Technology a ‘gamechanger’ for forensic science but raises privacy and racial profiling issues
Australian federal police have announced they are using next-generation DNA sequencing technology to predict the physical appearance of potential suspects.
Based on DNA left at a crime scene, the technology – also known as massively parallel sequencing – can predict externally visible characteristics of a person even in the absence of matching profiles in police databases.
MPS can “predict gender, biogeographical ancestry, eye colour and, in coming months, hair colour”, according to the AFP.
Experts say the technology is a “gamechanger” for forensic science but also raises issues around racial profiling, heightened surveillance and genetic privacy.
How does DNA profiling work?
DNA – deoxyribonucleic acid – is formed of two interlocked chains that form the basis of our genetic code. Each strand of DNA consists of four units known as nucleotide bases – A, C, G, and T – that repeat in patterns. The human genome comprises about 3bn pairs of these bases, contained within 23 chromosomes.
Human DNA is 99.9% identical, and forensic analysis is interested in the 0.1% of the genome that makes each of us genetically unique.
Traditional DNA profiling focuses on 24 sites on the genome where chains of nucleotide bases differ in length between people. The site sequences do not encode for specific genes that determine physical characteristics such as eye or hair colour. The method can determine biological sex because one of the 24 target sites is on the X chromosome and another is on the Y chromosome.
“If I told you my DNA profile for these different regions, it wouldn’t mean anything to you,” said Prof Adrian Linacre, chair in forensic DNA technology at Flinders University. “You couldn’t look at that and think: this guy’s from northern Europe, he’s got blue eyes.”
In combination, the different sequence lengths at each of these 24 sites is enough to give a person a unique genetic fingerprint.
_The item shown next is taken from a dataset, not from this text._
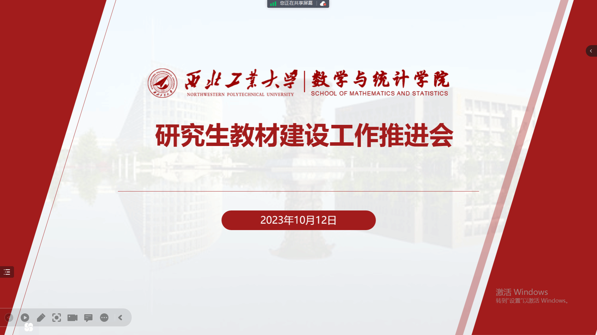 为推动陕西省理工类高校工科硕士研究生数学基础课程教材共建共享,加快啪啪啦 校级立项教材、基础前沿课教材建设进程,提升教材建设质量,2023年10月12日下午,啪啪啦 通过腾讯会议线上组织研究生教材建设工作推进会。院长聂玉峰、副院长徐根玖、研究生公共课课程负责人、“十四五”校级规划教材建设项目负责人、基础前沿课程负责人等20余名教师参加会议。推进会由徐根玖主持。

DNA collected from crime scenes can be matched to DNA profiles on criminal databases. “If your person is not on the database, it’s not very useful,” Linacre said, adding that links could be made to relatives.
What is massive parallel sequencing?
MPS has been used commercially for more than a decade and has been used overseas in forensic cases.
Linacre describes it as a “massive gamechanger”. The technology is capable of sequencing “tens of millions of bits of DNA in one go”, he said. “This new methodology is telling you things about the person … externally visible characteristics.”
Rather than looking at the length of strings of sequences, MPS can look at single nucleotides – whether, at a specific location, a base is an A, C, G or T.
There are several single base changes that are major determinants of eye colour, for example. “They’re dotted around your DNA … you put them all together, and you’ve got a real high probability of saying: this guy’s got bluey-green eyes,” Linacre said.
MPS differs from genetic genealogy tests used to identify people’s ethnic origin or relatives on genealogy databases, as was used by California police to catch Joseph James DeAngelo, the Golden State Killer.
How will next-gen DNA sequencing be used in Australia?
The new sequencing technology will allow investigators to gain information about the physical characteristics of a potential suspect even when there is no matching DNA profile on a law enforcement database.
According to the AFP, the technique could be used in “missing persons and unidentified human remains cases”.
“Most things we find at crime scenes are mixtures of two or three people’s DNA,” Linacre said. While traditional DNA profiling techniques tend to work well even on degraded DNA, using MPS for a mixture of fragmented DNA could lead to inconclusive results, he said. “We’re still yet to develop really good software programmes to deconvolute massive parallel sequencing data.”
Are there ethical concerns?
In a statement, Dr Paul Roffey, the lead MPS scientist at AFP forensics, said the agency planned “to widen prediction capabilities to include traits such as age, body mass index and height”.
“We will also be seeking opportunities to provide fine detail predictions for facial metrics such as distance between the eyes, eye, nose and ear shape, lip fullness, and cheek structure”.
Age can accurately be determined by genetic analysis; body composition and height – which have genetic components – are also influenced by environmental factors.
The ability to predict the phenotype of a suspect raises ethical issues, particularly around racial profiling, said Dr Loene Howes, senior lecturer in criminology at the University of Tasmania.
Being able to determine a suspect’s ancestry could place “a whole population group under suspicion – they become subject to greater surveillance than the rest of the community,” she said. “It’s not necessarily that informative anyway, because there might be lots of people who fit the [description].”
Genetic privacy is also a concern. “If you start to look at other parts of DNA which encode things which are very personal to you, there’s a line I think which needs to be drawn,” Linacre said.
Howes added: “The problem with the introduction of any of these things is that it often happens without … the community being fully aware of what could be involved. There’s often function creep, where a scientific technique is introduced for one reason, and gradually starts being used for other purposes that weren’t agreed to initially.
“There should be some very clear thresholds in place [for] when this can be used.”